In a lighter moment in his research, Beresford says he also found an "Easter egg" of animated dancing monkeys in the Siemens firmware. So he had shirts with the dancing monkeys made for himself and Siemens for Black Hat, and Siemens' Brandstetter gamely wore his to the session, with the word "PWND" emblazoned on the back.
"In the beginning [of the vulnerability disclosure], the Siemens PR team didn't talk to the engineering team," Beresford says, but that has since changed. "I give [Siemens] a lot of credit for not trying to pull my talk."
Beresford says there are plenty of PLCs connected to the Internet, whether operators are aware of them or not. "I'm not here to freak you out.
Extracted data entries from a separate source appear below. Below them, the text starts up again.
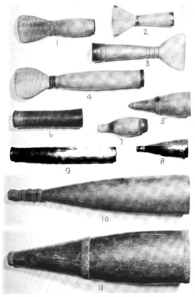 Pipas de tabaco de madera con tallos de hueso posterior. Conebo, río Ucayall, este del Perú. (Según Farabee, 1922, fig. 7.) |
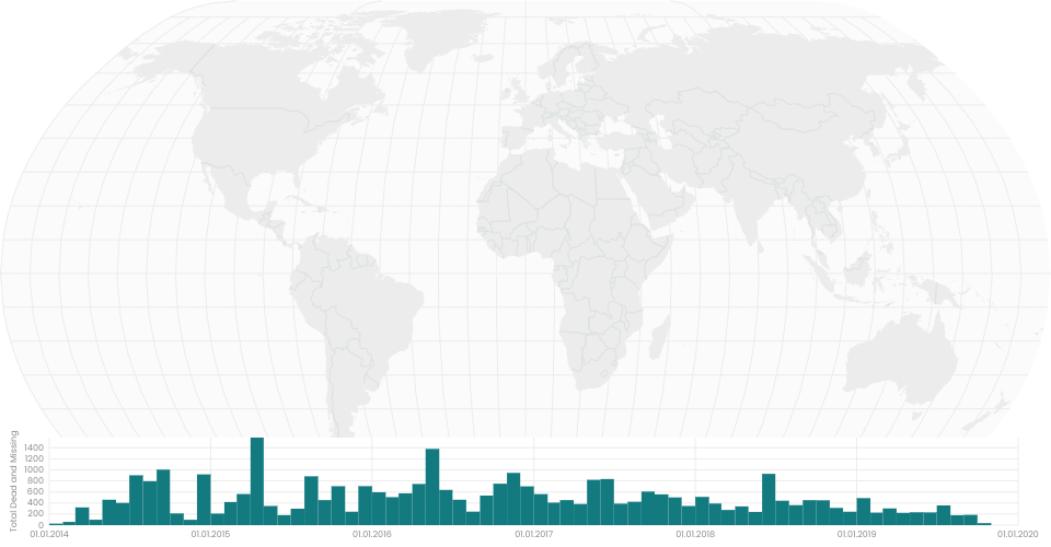 Missing Migrants on a World Map over Time with Brushing (Performance)
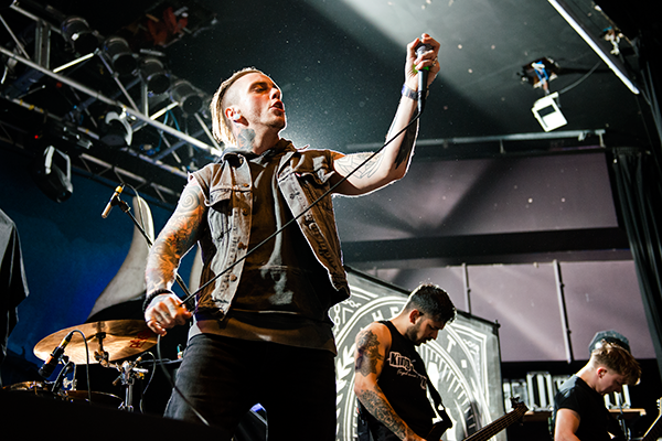 The first of two British support acts – a nice touch from Trivium – were As Lions (8), formed from the remnants of Rise To Remain. On the strength of tonight’s performance they should go far, despite hardly releasing anything yet. Having a successful father can be something of a handicap at times, with sceptics ready to pounce. Dads don’t come much more famous than Iron Maiden‘s motormouth vocalist Bruce Dickinson and no doubt he is a great teacher both in singing and stagecraft. Austin Dickinson is a confident and charismatic frontman in his own right. He also has a superb live voice as powerfully demonstrated on the band’s only officially released track so far, “The Fall”. His band are also musically tight with a punchy and catchy metalcore-style sound. The crowd reacted with loud enthusiasm and As Lions escaped this den with many new admirers.
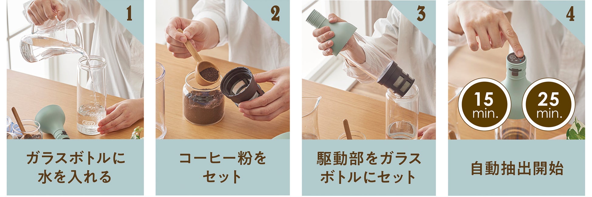 効率的に抽出し、時間のかかる水出しコーヒーが短時間で完成します。
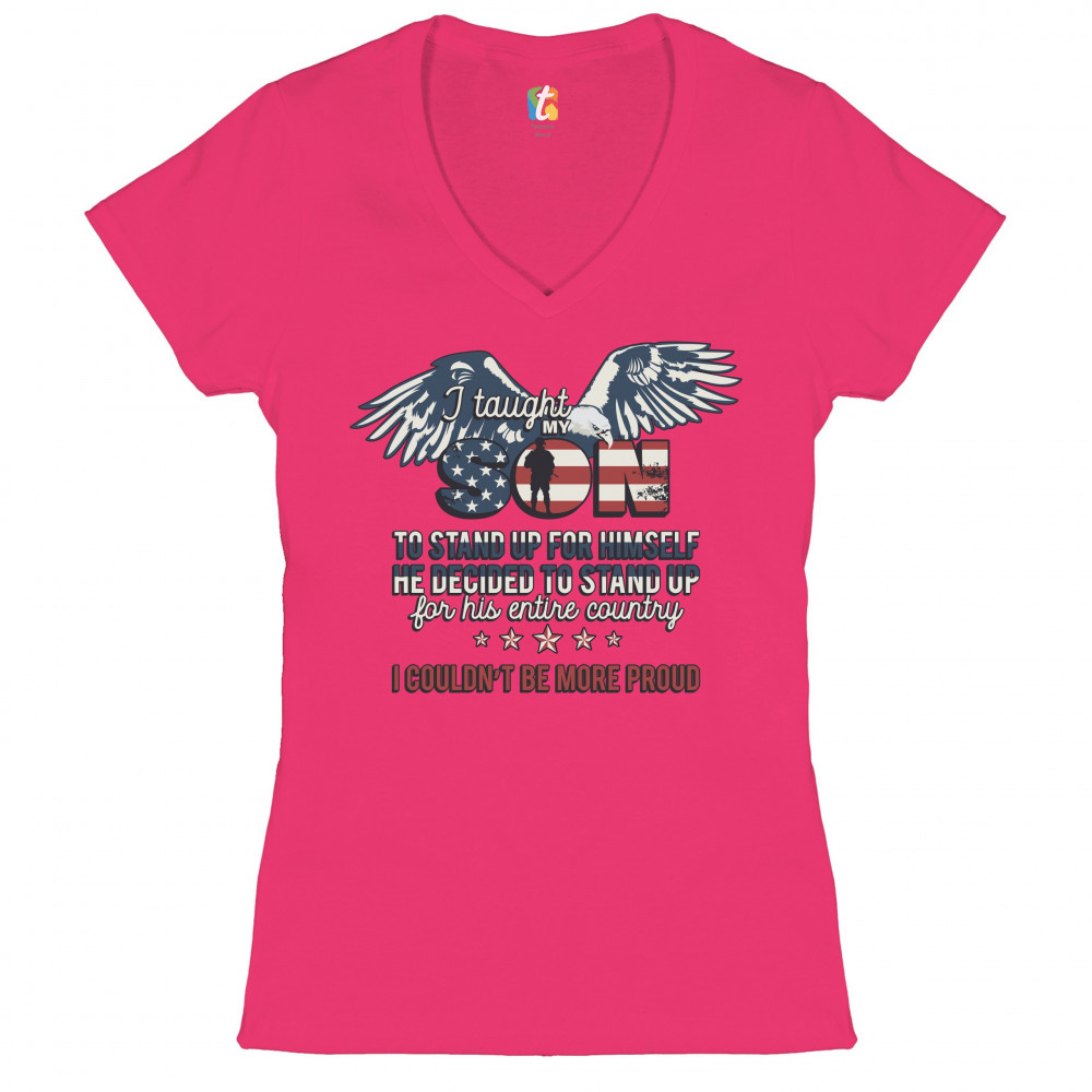 A patriotic print saying: "I Taught My Son to Stand up for Himself, He Decided to Stand Up for His Entire Country, I Couldn't Be More Proud". The print features a bald eagle, several stars and a small silhouette of a soldier inside of a letter "O" in "Son

But an attack on PLCs for 24 hours could cause it to blow up a plant," he says.
The bottom line is that it's not that difficult to wrest control of these devices. Beresford says his research debunks theories by experts, such as Ralph Langner, that it would take a major nation-state to pull off a devastating power grid hack. Although Beresford didn't write any exploit code, his proof-of-concept could be easily parlayed into a worm-borne attack similar to the way Stuxnet spread.
"This creates an awareness that not only nation-states [can hack SCADA systems], but it's now in the hands of researchers, and it's only a matter of time," Beresford says. "Someone could use it to cause damage to control systems."
But Beresford's hack is actually more streamlined than Stuxnet was: His went directly at the PLC. "I directly attacked the PLC, unlike Stuxnet," Beresford says. "Stuxnet pivoted off of an engineering workstation. I'm not sure why they did that -- they didn't need to go to that trouble. They probably wanted something on that workstation."
At the heart of the holes in the Siemens devices are the lack of access control to them, which, like other PLC systems, use the 802.3 Ethernet Profibus and Profinet LAN protocols, which communicate via TSAP over TCP Port 102. TSAP transmits packets in plain text, too. TSAP, like TCP, is an older protocol that was not created with security in mind. So it's a matter of PLC manufacturers better locking them down. "The protocols are not broken -- it's the lack of access control," Beresford says.
It's not just Siemens SCADA systems that are at risk of such attacks. Jonathan Pollet, a SCADA security expert and founder and principal consultant at Red Tiger Security, says the threat is "systemic across all PLCs."
The researchers say it's likely these attacks could also work against GE, Rockwell, and other SCADA products that run the same communications protocols. The evolution of open systems and open protocols among these devices has left the door open for malicious activity, Pollet says. "And we don't have the capability to log forensic information in these products," he says.